[Data excerpts]
● ● ● ● ●
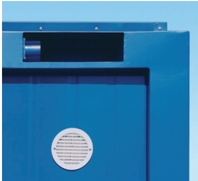
CEE-Anschluss im Rahmen versenkt
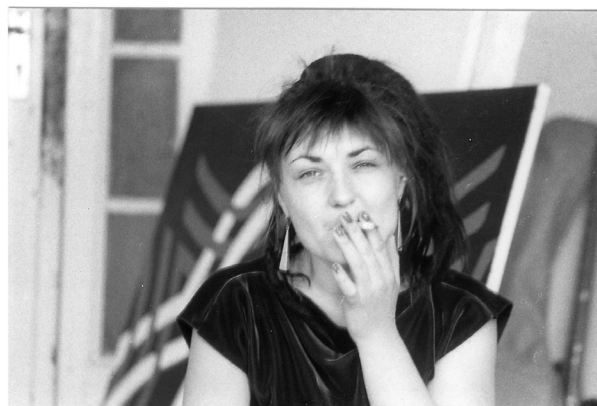
Käthe Kruse im Atelier, Künstlerhaus Bethanien, 1985
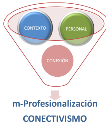
Figura 3: Control de factores para la profesionalización mediante empleo del móvil.
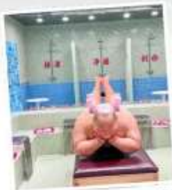
คาเฟ่ผ่อนคลายเหอผิง
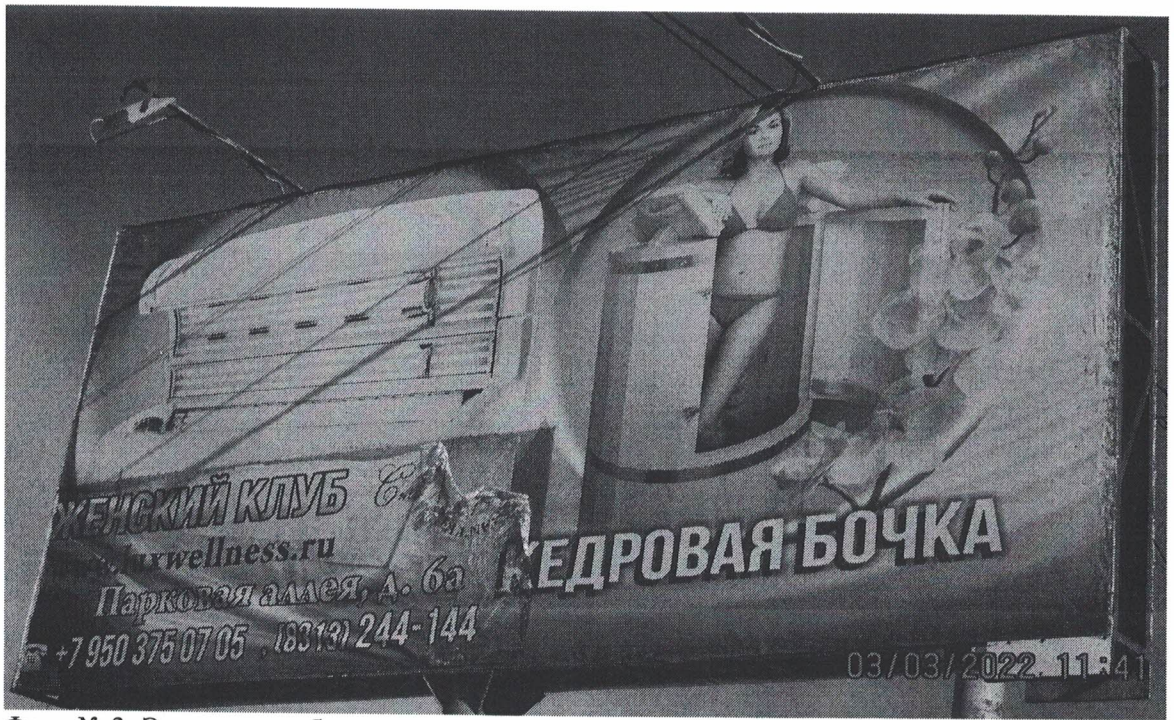
Фото № 3: Эскизное изображение рекламной конструкции, Сторона Б.
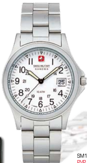
SM1466.01M PVP 100 €
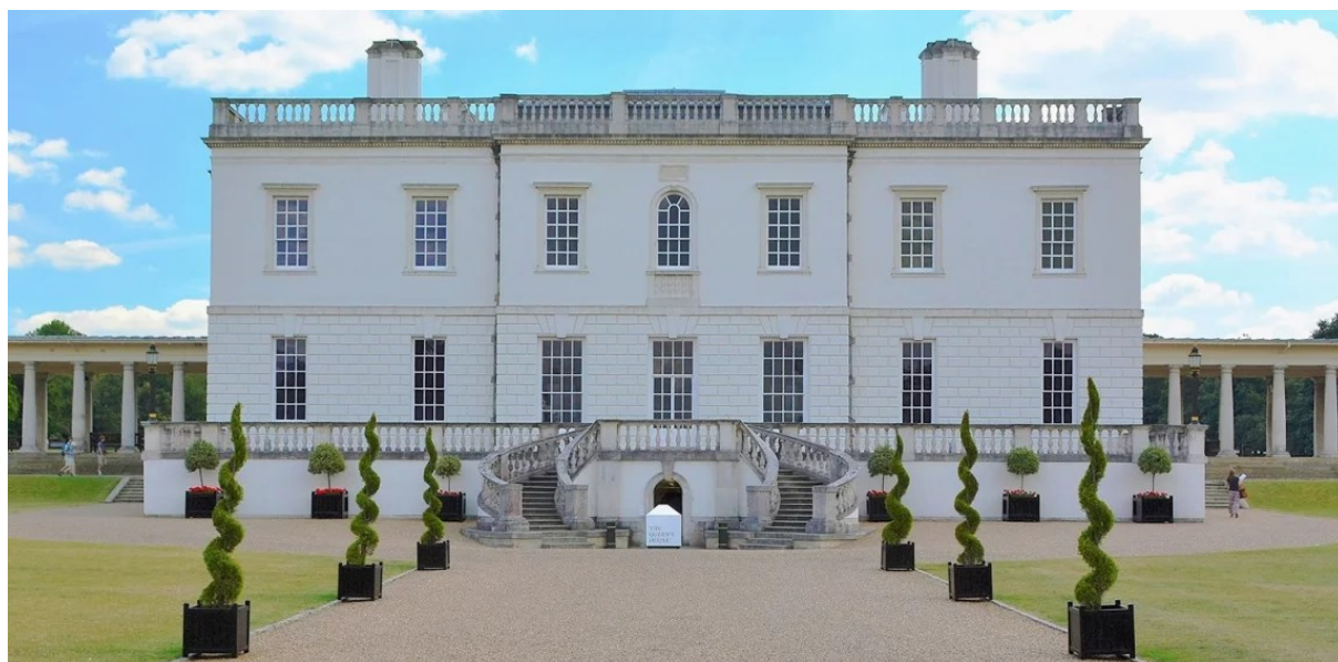
Дом королевы в Гринвиче

Одним из шедевров Иниго Джонса является Дом королевы, расположенный в Гринвиче – пригороде Лондона. Его отличают симметричный фасад, отсутствие выступов, большие окна.
● ● ● ● ●
**WHAT IS REQUIRED:** Show the lines from the data above that contain the string "Гринвиче".

**RESULT BELOW:**
Дом королевы в Гринвиче
Одним из шедевров Иниго Джонса является Дом королевы, расположенный в Гринвиче – пригороде Лондона. Его отличают симметричный фасад, отсутствие выступов, большие окна.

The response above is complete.